### WORK TASK
Give the records again exactly, but drop the pictures.

(EXCERPTED DATA Opens)

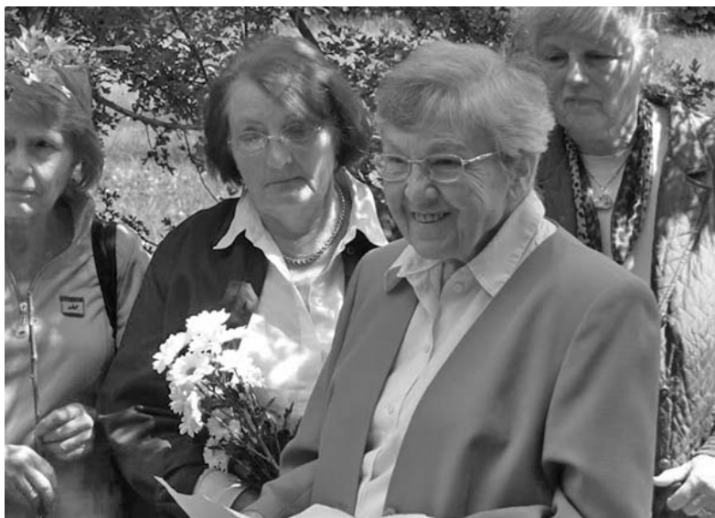
ГОСТИ ИЗ ГЕРМАНИИ – УЧАСТНИКИ АКЦИИ ПОМИНОВАНИЯ

Хор общины исполнил произведение «Kein schönes Land». Мероприятие завершилось общением гостей с прихожанами общины за чаепитием в церковном кафе. ■
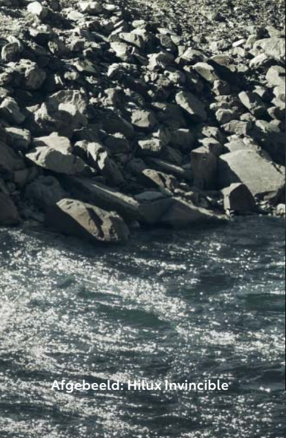
Afgebeeld: Hilux Invincible

Omdat de Hilux is gemaakt om te werken in de meest extreme omgevingen, kunt u blindvaren op zijn legendarische kwaliteit, duurzaamheid en betrouwbaarheid. Met een onverwoestbaar chassis, een bodemvrijheid van 700 mm en uitzonderlijke veerweg vormt zelfs het zwaarste terrein geen obstakel. Componenten hebben een uniek design dat met intensieve rijtests gedurende meer dan vijftig jaar werd fijngeslepen. Het resultaat: een uniek voertuig. Ontworpen en gebouwd als geen enkele andere pick-up.
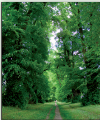
Zabytkowa aleja już niebawem doczeka się oświetlenia.
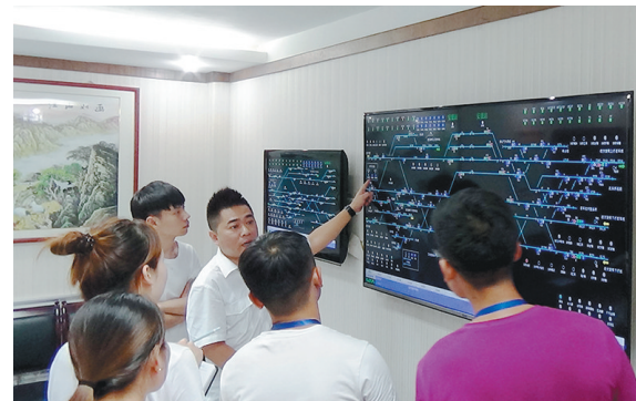
安康火车站从路情阶段、职业道德等方面全程规划入手,引导新入路青年正确认识铁路安全与企业文化,为入路新工上好人生第一课,使青工树立正确职业发展规划和人生价值观念,迈好职业生涯第一步。

巨额的医疗费用也使两个家庭陷入经济困难。陕建二建集团工会提出申请后,基金管理委员会第一时间通过审批为两人各发放慰问金2万元,拿到这笔“救命钱”的一刻,两名职工及其家人热泪盈眶,朱军的妻子动情地说:“这笔款是我们全家做梦都没有想到的,陕建人的大爱让我破碎的家重获生机。”
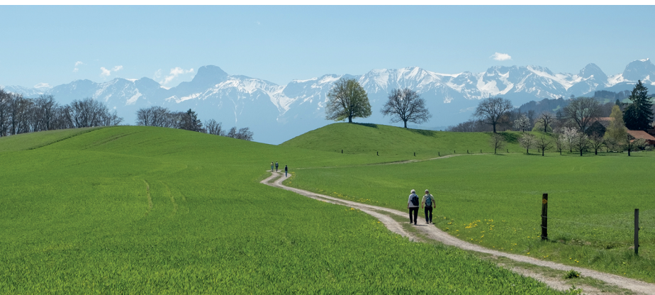
Peu avant le hameau de Hofmatt: des prairies verdoyantes et les sommets enneigés au loin.

Boulangerie-Café Zät Sibe, Kehrsatz, 031 961 19 46 Restaurant Änglischbärg, Wohnheim Kühlewil, https://kuehlewil.ch/ Restaurant Linde, Kaufdorf, 031 802 04 64, www.lindekaufdorf.ch/
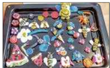
Dzieła małych artystek

Zajęcia będą odbywać się średnio raz w tygodniu do 30 września. Dzieci będą robić biżuterię, magnesy z motywem pszczołki,
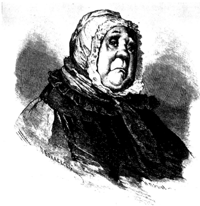
Коробочка. Художник П. Боклевский.

око и пробужденные твоею страницей неожиданные чувства может быть отзовутся...» (441). Это строки из второй черновой редакции. Смысл деятельности комического писателя в том, что его беспощадные разоблачения пробуждают высокие движения души в другом, в некоем истинном и неведомом людям поэте-единомышленнике.

(EXCERPTED DATA Closes)

### OUTPUT OF THE TASK
ГОСТИ ИЗ ГЕРМАНИИ – УЧАСТНИКИ АКЦИИ ПОМИНОВАНИЯ

Хор общины исполнил произведение «Kein schönes Land». Мероприятие завершилось общением гостей с прихожанами общины за чаепитием в церковном кафе. ■
Afgebeeld: Hilux Invincible

Omdat de Hilux is gemaakt om te werken in de meest extreme omgevingen, kunt u blindvaren op zijn legendarische kwaliteit, duurzaamheid en betrouwbaarheid. Met een onverwoestbaar chassis, een bodemvrijheid van 700 mm en uitzonderlijke veerweg vormt zelfs het zwaarste terrein geen obstakel. Componenten hebben een uniek design dat met intensieve rijtests gedurende meer dan vijftig jaar werd fijngeslepen. Het resultaat: een uniek voertuig. Ontworpen en gebouwd als geen enkele andere pick-up.
Zabytkowa aleja już niebawem doczeka się oświetlenia.
安康火车站从路情阶段、职业道德等方面全程规划入手,引导新入路青年正确认识铁路安全与企业文化,为入路新工上好人生第一课,使青工树立正确职业发展规划和人生价值观念,迈好职业生涯第一步。

巨额的医疗费用也使两个家庭陷入经济困难。陕建二建集团工会提出申请后,基金管理委员会第一时间通过审批为两人各发放慰问金2万元,拿到这笔“救命钱”的一刻,两名职工及其家人热泪盈眶,朱军的妻子动情地说:“这笔款是我们全家做梦都没有想到的,陕建人的大爱让我破碎的家重获生机。”
Peu avant le hameau de Hofmatt: des prairies verdoyantes et les sommets enneigés au loin.

Boulangerie-Café Zät Sibe, Kehrsatz, 031 961 19 46 Restaurant Änglischbärg, Wohnheim Kühlewil, https://kuehlewil.ch/ Restaurant Linde, Kaufdorf, 031 802 04 64, www.lindekaufdorf.ch/
Dzieła małych artystek

Zajęcia będą odbywać się średnio raz w tygodniu do 30 września. Dzieci będą robić biżuterię, magnesy z motywem pszczołki,
Коробочка. Художник П. Боклевский.

око и пробужденные твоею страницей неожиданные чувства может быть отзовутся...» (441). Это строки из второй черновой редакции. Смысл деятельности комического писателя в том, что его беспощадные разоблачения пробуждают высокие движения души в другом, в некоем истинном и неведомом людям поэте-единомышленнике.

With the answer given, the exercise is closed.